Children’s books have always had a special place in my heart. I love their honesty and simplicity, their fantastic worlds and whimsical characters, and how they can bring out a sense of childlike wonder. There are a few children’s books, however, that have found a permanent place in my adult heart for the lessons they continue to teach me:

1. The Little Prince by Antoine de Saint-Exupéry

“Goodbye, said the fox. And here is my secret: it is very simple. We don’t see well unless we look with our hearts. What is essential is invisible to the eye.” ­– The Little Prince

I first encountered this beautiful little book in high school French class. This story follows the adventures of a Little Prince as he travels from planet to planet, meeting all sorts of grownups as he tries to find a way back home to the rose whom he loves. His travels eventually bring him to Earth, to the Sahara Desert, where he meets yet another grownup: an Aviator, stranded there after his plane crashes. 

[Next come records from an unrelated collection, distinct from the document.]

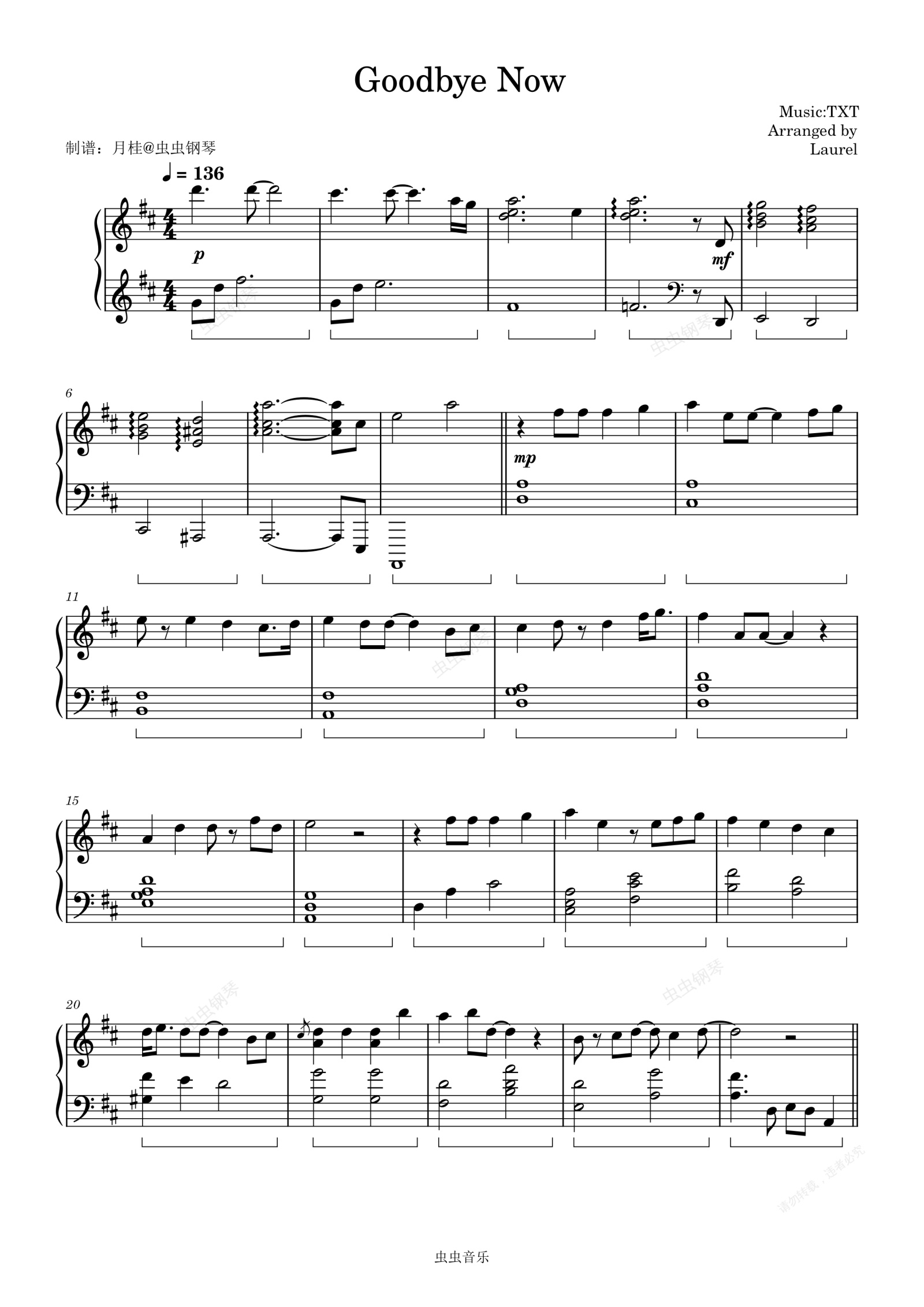 钢琴谱:Goodbye Now-TXT组合演唱歌曲 网络漫画《恋爱革命》OST
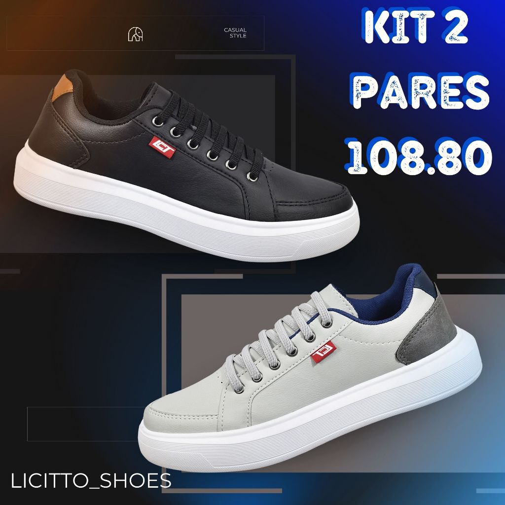 KIT 2 pares Tênis Sapatênis Masculino Social Casual Leve Macio Confortável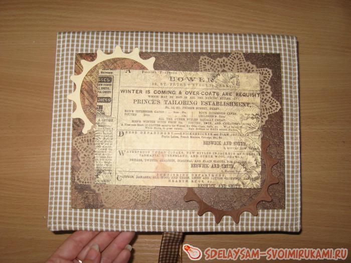 Прошиваем обложку по краю всей заготовки. Теперь складываем обложку и примеряем оформление наверх коробки. Нам нужно два прямоугольника из скрапбумаги и часть вырубки.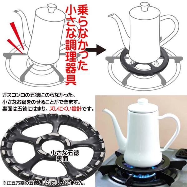 この「ちいさな五徳」を使うと、一般的なガスコンロの五徳にのらなかった、小さなお鍋をのせることができます。鍋底の直径が小さな調理器具をガスコンロの五徳の上で安定させた状態で使用するための補助器具です。小さいお鍋をガスコンロでお使いになりたい方にオススメです。サイズ:直径約14×高さ1.1cm ※中心部分の円の直径3cm 、本体重量(kg):0.12 、素材・材質:耐熱陶器(耐熱セラミックス) 、生産国:日本、
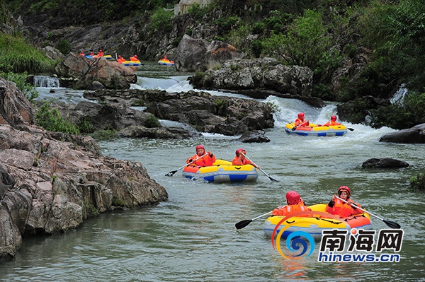 “改革開放看海南”2018年全國融媒體海南行大型采訪活動走進紅峽谷景區,開啟了一場兼具速度與激情的漂流體驗。南海網記者 沙曉峰 攝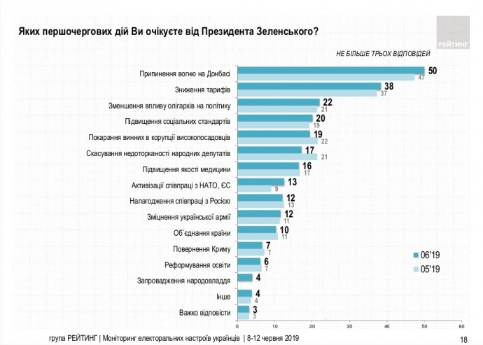 Еще 38%  – надеются на снижение тарифов, 22% – ожидают уменьшения влияния олигархов на политику, 20% – ждут повышения социальных стандартов, 19% – наказания виновных в коррупции чиновников, 17% – отмены неприкосновенности народных депутатов, 16% – повышение качества медицины, 13% – активизации сотрудничества с НАТО и ЕС, 12% – налаживания сотрудничества с Россией, 12% – укрепления украинской армии, 10%  – объединения страны.

This classic by Saint-Exupéry is meant for kids, but there is an important lesson for all of us in this book. The adults (and their problems) are portrayed as absurd in this story. Like the king, who reigns over his planet of one and commands the sun to set “when conditions are favorable,” which happens to be about 7:30pm that evening. Or the lamplighter who lives on a planet  so small the sun rises and sets each minute. The lamplighter diligently lights and extinguishes his lamp each minute, all the while complaining about his job.

While the Little Prince struggles with concepts like friendship and love, the grownups he meets are preoccupied with their ridiculous notions of status, work, money, and power. Through these characters, Saint-Exupéry makes a clear distinction between what truly matters and what does not. As I’ve become a “grownup” myself, the Little Prince has continued to remind me of what’s truly important in life, namely love, friendship, and hope. Or, as the fox says, the essential things that cannot be seen but with the heart.

2. Swordbird by Nancy Yi Fan

“Peace is wonderful; freedom is sacred. As long as there is peace and freedom, there is tomorrow.” ­– Swordbird

Swordbird is the tale of the blue jays and cardinals of Stone Run Forest. The two tribes of birds must find a way to defeat an evil hawk that has moved into the forest and is bent on destroying them. The birds decide that their only hope is to call on the hero bird of legend, Swordbird, to come and help them defeat the evil hawk.

For me, one of the best things about children’s books is how they totally take you into their world. Swordbird has it all: dreamy illustrations, songs, and a map of Stone Run Forest. Its characters steal your heart for the entirety of this charming story, which makes it even better when you realize the author wrote the book when she was only twelve years old. It’s not only a beautiful story. It was a powerful lesson for my younger self about what kids are capable of. It affected me deeply when I realized that someone my age could write a story so powerful. I admit, I cried when one of the brave birds died in their mission. I had never read anything like that by such a young author, and it continues to inspire me to this day.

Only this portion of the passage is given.